Eve Dönmek İstemiyorum

///

İngiltere doğumlu, Yunanistan ve Girit âşığı John Craxton’ın Meşher’deki sergisinde yer alan eserlerini izlerken renklerle yarattığı coşkuya, figürlerle ve insanlarla olan bağına tanık oluyorsunuz. Craxton’ın motorsikleti ve eşyalarını sunarak, macera sever kişiliğini de yansıtan sergi, 23 Temmuz’a kadar sanatseverleri bir yolculuğa davet ediyor.

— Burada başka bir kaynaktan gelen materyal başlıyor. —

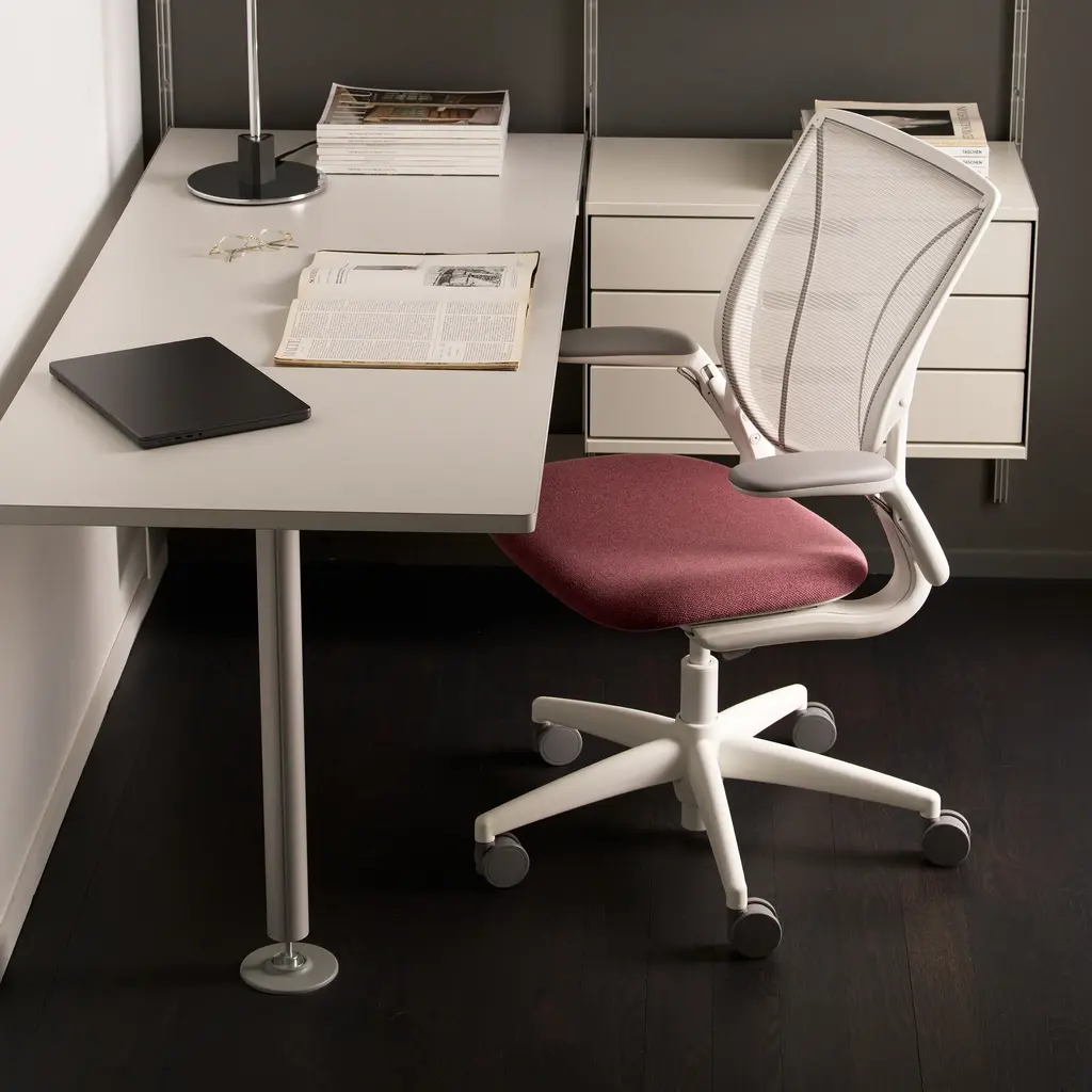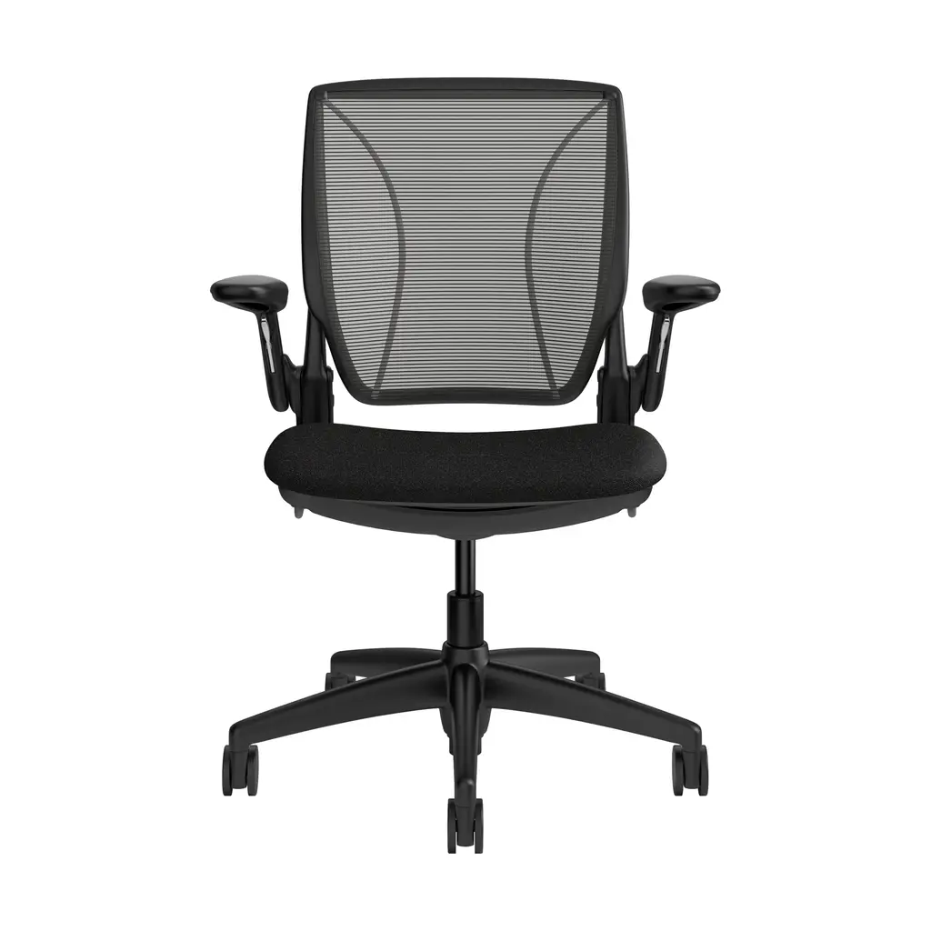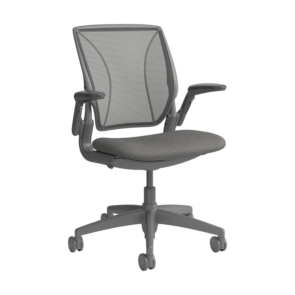 The Diffrient World Upholstered Task Chair from Humanscale exemplifies intelligent design through its self-adjusting weight-sensitive recline mechanism. Distinguished by armrests that articulate with the backrest, this chair delivers personalized ergonomic support for each individual. Its minimalist construction ensures both aesthetic longevity and environmental responsibility—as a Living Product Certified piece, it actively contributes to climate, water, and energy positivity, elevating both your workspace and environmental standards with sophisticated functionality. Highlights

“Life is more important than art”… Ez cümlesi “Yaşam sanattan daha değerlidir”. Bazen hayatla kurduğunuz bağ, biraz olsun zayıflamışken karşınıza biri ya da bir şey çıkar ve size umut olur. Der ki “Sadece yaşa; bu her şeyden daha önemli”. Giriş cümlesinde okuduğunuz ve sonrasında bizim yorumumuza mazhar olan cümle özgür, yaşamayı seven, cesur sanatçı John Craxton’a ait. Craxton, Türkiye’de birkaç aydır, belki de bugüne kadar olmadığı kadar, gündemde. Zira Beyoğlu’ndaki Meşher’de açılan Işığın Peşinde sergisi ve sergiye paralel olarak Yapı Kredi Yayınları’ndan çıkan Ian Collins imzalı John Craxton: Hayatın Lütufları isimli kitap, kendisini daha yakından tanımamıza, tanısak bile onunla ilgili bambaşka ayrıntıları öğrenmemize vesile oluyor.

Ömer Koç Koleksiyonu

Sanatçının biyografisinin yazarı ve arkadaşı Ian Collins’in küratörlüğünü üstlendiği John Craxton: Işığın Peşinde sergisinde Craxton’ın kariyerinin başlangıcı sayılan 1940’lardan 2000’lere resim, tasarım ve kitap kapaklarıyla desenlerinden oluşan 200 yapıtı sergileniyor. Sergide, Ömer Koç Koleksiyonu’ndan 44 eser de yer alıyor. Bu arada Ömer Koç’un sanatçının adına kurulan vakıftan sonra dünyada en çok Craxton eserine sahip koleksiyoncu olduğunu öğreniyoruz. Sergiyi gezerken sadece bir ressamın eserlerini görmüyor, sanki aynı zamanda onun hayatına da dahil oluyorsunuz. Bu hayatta sadece Yunanistan, Ege Kıyıları, dans eden gemiciler, sevdiği deniz mahsulleri, yükselişler ve güzellikler yok; II. Dünya Savaşı ve askerlikle ilgili karamsar ruh halleri de var. Her şeye rağmen yaşayan ve kendisini iyiyi, güzeli görmeye motive eden, hayattan zevk almaya bakan birinin eserlerini izlemek, John Craxton sergisini adımlamak demek…

TEK DERDİ ÇİZMEK…

Her şeyden önce John Craxton nasıl bir sanatçı, kim, derdi ne, belki de onu yakından tanımak için bunu anlatmakta fayda var. İngiltere’de 1922 yılında doğan Craxton, Londra’da bohem, müzisyen bir anne babanın çocuğu. Açık görüşlü, çocuklarını fazlasıyla özgür bırakan, beş erkek, bir kızdan oluşan toplam 8 kişilik bir ailenin üyesi. Geçim sıkıntısı çeken bu ailede, arkadaş çevresinin de desteğiyle hayallerindeki hayatı kurgulamayı başarmış John Craxton. Özgür ruhlu, maceracı ve hayal gücü kuvvetli biri. Resim eğitimi almayan, bunu tüm benliğiyle reddeden, tek derdi sadece resmetmek ve çizmek üzerine olan bir sanatçıdan bahsediyoruz. Bu noktada iki okul arkadaşının babalarından çok şey öğreniyor; ilki çalışmalarında sıradan insanları kahramanlara çeviren ressam ve heykeltıraş Eric Kennington, ikincisi ise Mark Oliver. Oliver’ın kendisinin hayatında ekstra anlamlı bir yeri var; Picasso’nun yeni resmettiği Guernica’yı görmek üzere Craxton’ı Paris’e götürüyor.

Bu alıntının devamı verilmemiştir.